Thank you so much for your help and advice... all my gear is here and waiting for me to start my build. I'll uplaod pics in process x


----------



## ch4dg (Jul 24, 2008)

clairesdragons said:


> Thank you so much for your help and advice... all my gear is here and waiting for me to start my build. I'll uplaod pics in process x


no probs, good luck:2thumb: and cant wait to see the pics : victory:


----------



## Jonnoak (Jan 10, 2010)

Like the tutorial... got some inspiration now  
Off to Colchester zoo next week, then going to start my crestie project i think !!!


----------



## ch4dg (Jul 24, 2008)

Jonnoak said:


> Like the tutorial... got some inspiration now
> Off to Colchester zoo next week, then going to start my crestie project i think !!!


thanks :2thumb:,
we just got some rat snakes from there: victory:


----------



## yoshidragon (Mar 31, 2010)

That looks amazing well done on your imagination 
I've heard you can use kingspan insulation as this doesn't create as much mess as polystyrene and seal it with unibond then you cover it with watery solution of grout to make a stone effect then paint it with acrylics.


----------



## ch4dg (Jul 24, 2008)

yoshidragon said:


> That looks amazing well done on your imagination
> I've heard you can use kingspan insulation as this doesn't create as much mess as polystyrene and seal it with unibond then you cover it with watery solution of grout to make a stone effect then paint it with acrylics.


thanks : victory:,
you can........ but i'm not fussed bout the mess, and poly's easier to shape


----------



## TBreptiles (Dec 11, 2009)

ch4dg said:


> thanks : victory:,
> you can........ but i'm not fussed bout the mess, and poly's easier to shape


 agreed: victory:


----------



## ch4dg (Jul 24, 2008)

TBreptiles said:


> agreed: victory:


go ninja, go ninja, GO!!!!!!!!!!


----------



## clairesdragons (Jul 23, 2010)

Hello!!!

So Ive purchased all I need for my wall and Ive already finished 1 poly sheet - 4 to go! I just wondered what you applied the grout with??? I have a pre-mixed tub - would I use a paint brush or would it dry on the brush to quick????

Thank you!

(I'll post pictures on a new thread when I'm done, I'm really quite pleased so far!)


----------



## Becky Wheeler (Jun 15, 2006)

SUPERB!!!! I love it!!! well done you!!! :no1:


----------



## ch4dg (Jul 24, 2008)

clairesdragons said:


> Hello!!!
> 
> So Ive purchased all I need for my wall and Ive already finished 1 poly sheet - 4 to go! I just wondered what you applied the grout with??? I have a pre-mixed tub - would I use a paint brush or would it dry on the brush to quick????
> 
> ...


JUST SLAP IT ON WITH A BRUSH



Becky Wheeler said:


> SUPERB!!!! I love it!!! well done you!!! :no1:


THANKS: victory:


----------



## yoshidragon (Mar 31, 2010)

I'm doing mine at the moment and i used a brush but you need to water your mix down i used a grout that you mix yourself as i build the layers up the thicker i make it until i will have to use a craft tool with a small flat blade.


----------



## ch4dg (Jul 24, 2008)

yoshidragon said:


> I'm doing mine at the moment and i used a brush but you need to water your mix down i used a grout that you mix yourself as i build the layers up the thicker i make it until i will have to use a craft tool with a small flat blade.

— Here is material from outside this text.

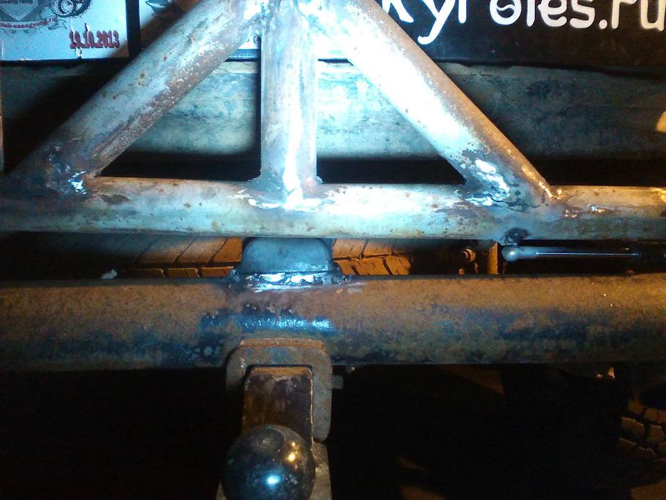 . Для крепления номерного знака, была приварена трубка и в неё уже вставлена трубка меньшего диаметра с планкой под номер и всё это скручено вместе

each to their own..but i've never used a craft knife or tool,

just a brush then when i want to get messy my hands(if needed)


----------



## yoshidragon (Mar 31, 2010)

You can use whatever you want i was just giving a suggestion on what i used if you want to use your hands its up to as long as it gets the effect you want and your happy with it 
good luck


----------



## clairesdragons (Jul 23, 2010)

Thanks both of you...  x


----------



## ch4dg (Jul 24, 2008)

clairesdragons said:


> Thanks both of you...  x


your welcome,

you got any pics of what you've done so far???


----------



## yoshidragon (Mar 31, 2010)

ch4dg said:


> your welcome,
> 
> you got any pics of what you've done so far???


hi are you asking me have i any pictures if so i'm not sure how to do it as i'm only new to this site i can type but thats as far as it goes


----------



## ch4dg (Jul 24, 2008)

yoshidragon said:


> hi are you asking me have i any pictures if so i'm not sure how to do it as i'm only new to this site i can type but thats as far as it goes


here you go....
http://www.reptileforums.co.uk/forums/newbie-advice/112135-how-post-pictures-using-photobucket.html
just follow this


----------



## idoru (Jul 20, 2010)

Hi there!

This is massively impressive, and great to read it on a UK site, so most of the items and shops are recognisable!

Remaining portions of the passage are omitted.